───── Task inputs
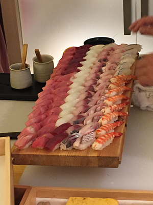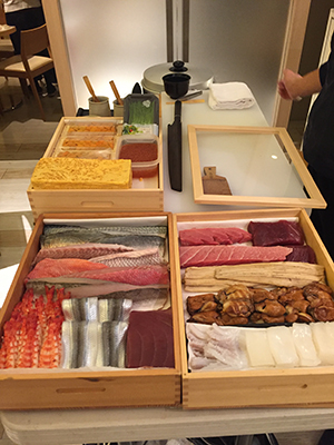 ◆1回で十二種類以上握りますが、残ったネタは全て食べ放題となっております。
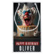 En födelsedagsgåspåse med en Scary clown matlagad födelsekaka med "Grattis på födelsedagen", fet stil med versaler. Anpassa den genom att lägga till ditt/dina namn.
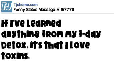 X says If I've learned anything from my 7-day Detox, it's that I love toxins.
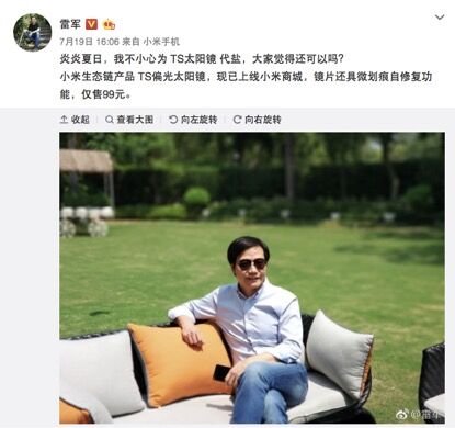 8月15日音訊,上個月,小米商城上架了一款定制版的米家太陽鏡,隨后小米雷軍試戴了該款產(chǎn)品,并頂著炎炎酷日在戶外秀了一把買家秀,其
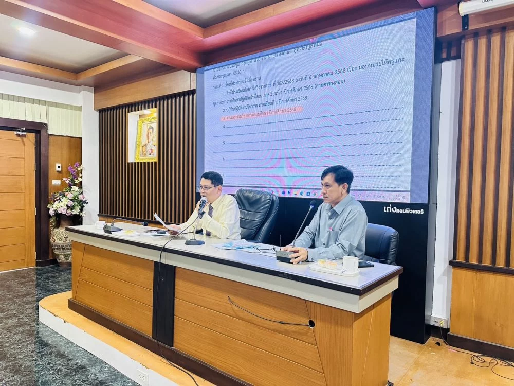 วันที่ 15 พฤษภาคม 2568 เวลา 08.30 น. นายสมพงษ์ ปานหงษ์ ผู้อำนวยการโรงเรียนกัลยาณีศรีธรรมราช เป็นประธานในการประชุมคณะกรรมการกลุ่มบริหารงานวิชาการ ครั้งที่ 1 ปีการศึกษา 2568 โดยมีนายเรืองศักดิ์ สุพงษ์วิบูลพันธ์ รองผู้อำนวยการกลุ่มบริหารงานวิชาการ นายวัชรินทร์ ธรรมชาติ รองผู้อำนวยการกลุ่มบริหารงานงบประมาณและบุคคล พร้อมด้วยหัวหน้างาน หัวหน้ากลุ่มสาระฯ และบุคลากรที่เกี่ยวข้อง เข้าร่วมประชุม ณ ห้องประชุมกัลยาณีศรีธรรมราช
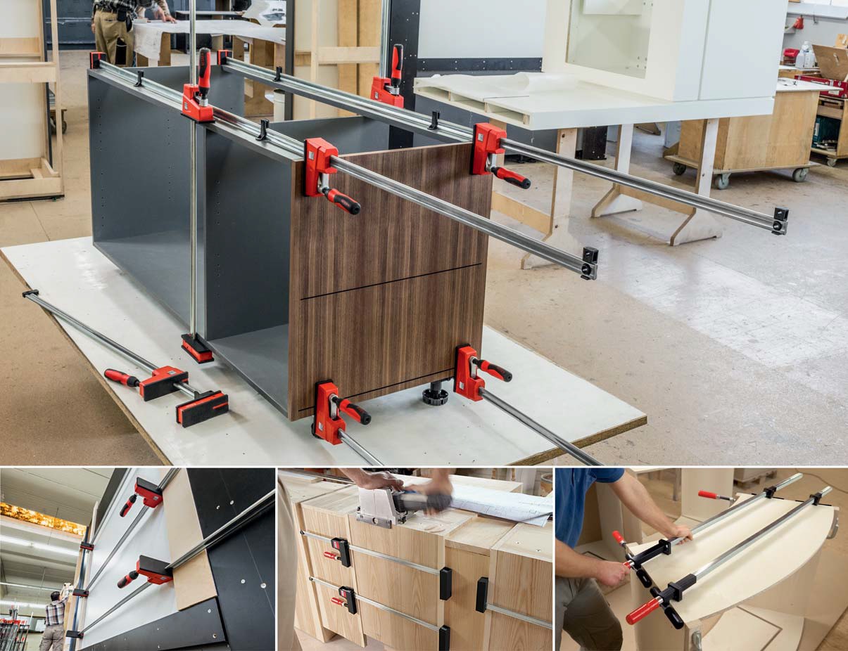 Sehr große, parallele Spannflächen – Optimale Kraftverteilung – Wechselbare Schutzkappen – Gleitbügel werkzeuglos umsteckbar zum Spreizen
──────────
Reproduce every line above exactly as written, omitting the images.

Answer section →
 ◆1回で十二種類以上握りますが、残ったネタは全て食べ放題となっております。
 En födelsedagsgåspåse med en Scary clown matlagad födelsekaka med "Grattis på födelsedagen", fet stil med versaler. Anpassa den genom att lägga till ditt/dina namn.
 X says If I've learned anything from my 7-day Detox, it's that I love toxins.
 8月15日音訊,上個月,小米商城上架了一款定制版的米家太陽鏡,隨后小米雷軍試戴了該款產(chǎn)品,并頂著炎炎酷日在戶外秀了一把買家秀,其
 วันที่ 15 พฤษภาคม 2568 เวลา 08.30 น. นายสมพงษ์ ปานหงษ์ ผู้อำนวยการโรงเรียนกัลยาณีศรีธรรมราช เป็นประธานในการประชุมคณะกรรมการกลุ่มบริหารงานวิชาการ ครั้งที่ 1 ปีการศึกษา 2568 โดยมีนายเรืองศักดิ์ สุพงษ์วิบูลพันธ์ รองผู้อำนวยการกลุ่มบริหารงานวิชาการ นายวัชรินทร์ ธรรมชาติ รองผู้อำนวยการกลุ่มบริหารงานงบประมาณและบุคคล พร้อมด้วยหัวหน้างาน หัวหน้ากลุ่มสาระฯ และบุคลากรที่เกี่ยวข้อง เข้าร่วมประชุม ณ ห้องประชุมกัลยาณีศรีธรรมราช
 Sehr große, parallele Spannflächen – Optimale Kraftverteilung – Wechselbare Schutzkappen – Gleitbügel werkzeuglos umsteckbar zum Spreizen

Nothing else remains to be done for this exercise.